Would you please transcribe the data in full and exactly, excluding images?

Information supplied Block Start

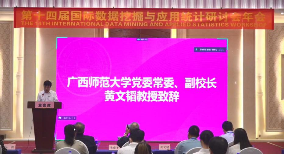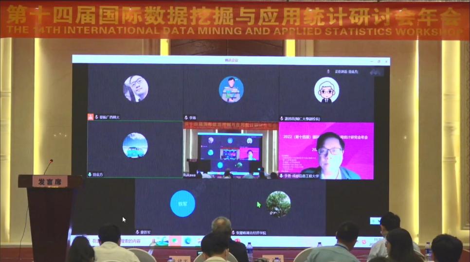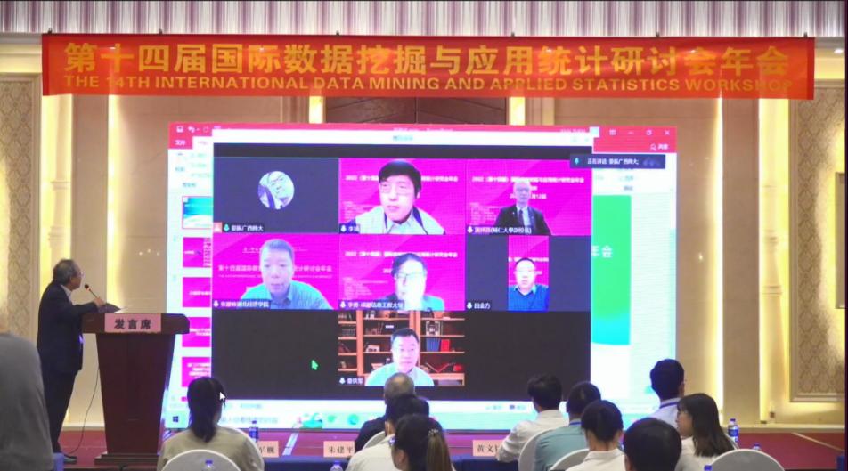 11月12日,由中国商业统计学会数据科学与商业智能分会、厦门大学管理学院、成都信息工程大学Betway体育西汉姆联、台湾辅仁大学、美国耶鲁大学生物统计系、广西师范大学联合主办,广西师范大学数学与Betway体育西汉姆联、中国政府统计研究中心、厦门大学数据挖掘研究中心、厦门市统计学会联合承办的2022(第十四届)国际数据挖掘与应用统计研讨会年会在广西桂林顺利闭幕。本次会议主题是“开拓统计应用新界面,加快数据要素新发展”。我院副院长滕磊和王臣老师出席了本次线下研讨会年会。由于疫情原因,会议采取线下结合线上直播的形式进行,其中线上直播高达2.85万余人参与。
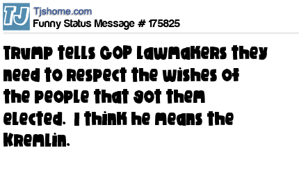 X says Trump tells GOP lawmakers they need to respect the wishes of the people that got them elected. I think he means the Kremlin.
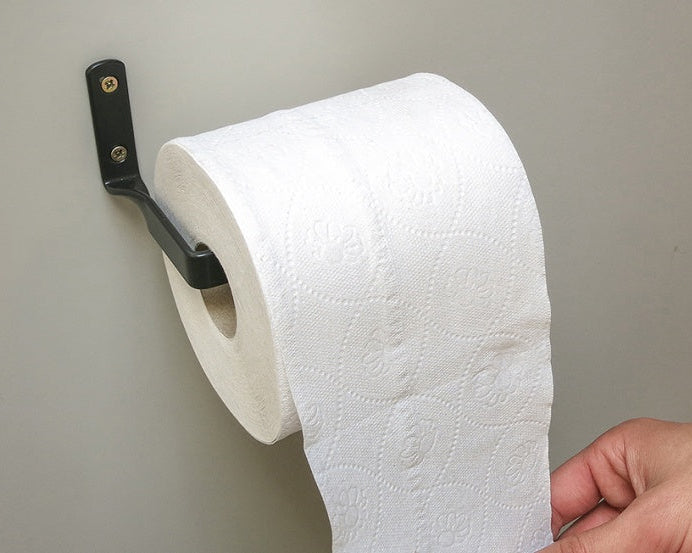 Flat steel bar, that via some twists and turns makes for a handsome toilet roll holder.
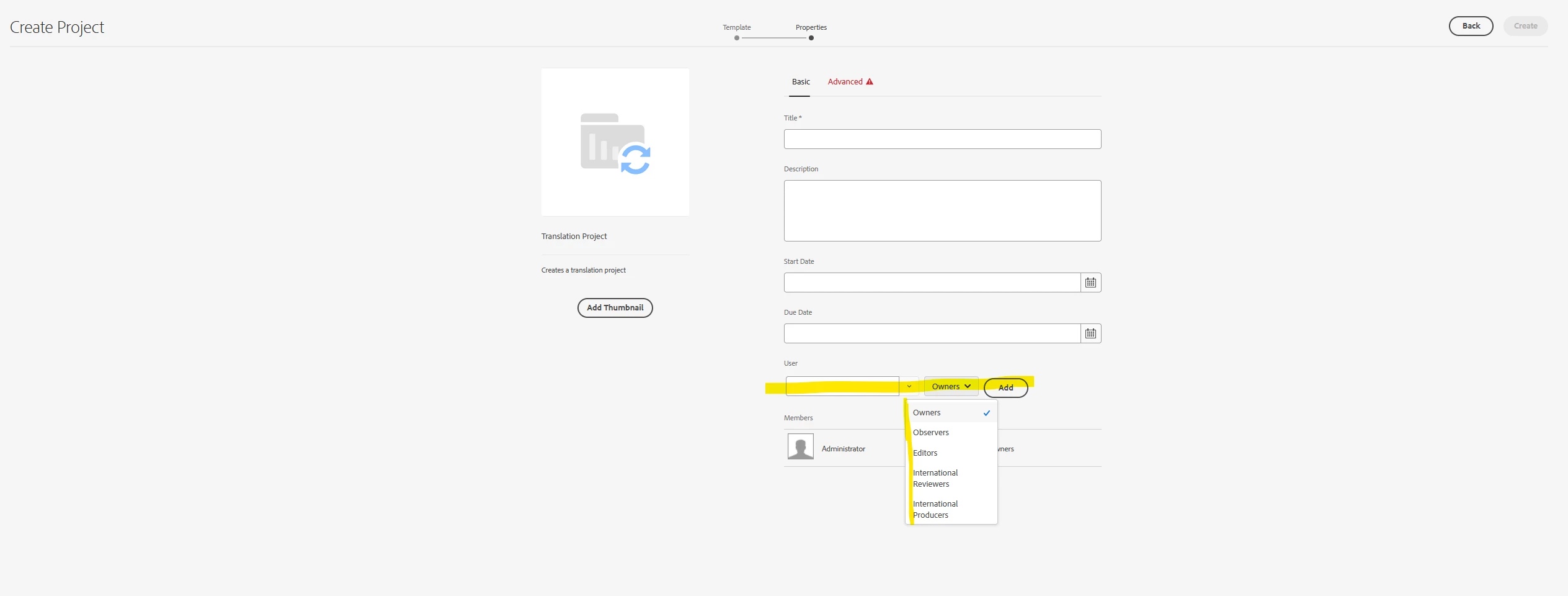 | Use-case: | As an editor which has the task to create translation projects, I need to be able to add other users to the translation project so that they can see and maintain it WITHOUT the help of an administrator. |

Information supplied Block End

§ **Written response**:
 11月12日,由中国商业统计学会数据科学与商业智能分会、厦门大学管理学院、成都信息工程大学Betway体育西汉姆联、台湾辅仁大学、美国耶鲁大学生物统计系、广西师范大学联合主办,广西师范大学数学与Betway体育西汉姆联、中国政府统计研究中心、厦门大学数据挖掘研究中心、厦门市统计学会联合承办的2022(第十四届)国际数据挖掘与应用统计研讨会年会在广西桂林顺利闭幕。本次会议主题是“开拓统计应用新界面,加快数据要素新发展”。我院副院长滕磊和王臣老师出席了本次线下研讨会年会。由于疫情原因,会议采取线下结合线上直播的形式进行,其中线上直播高达2.85万余人参与。
 X says Trump tells GOP lawmakers they need to respect the wishes of the people that got them elected. I think he means the Kremlin.
 Flat steel bar, that via some twists and turns makes for a handsome toilet roll holder.
 | Use-case: | As an editor which has the task to create translation projects, I need to be able to add other users to the translation project so that they can see and maintain it WITHOUT the help of an administrator. |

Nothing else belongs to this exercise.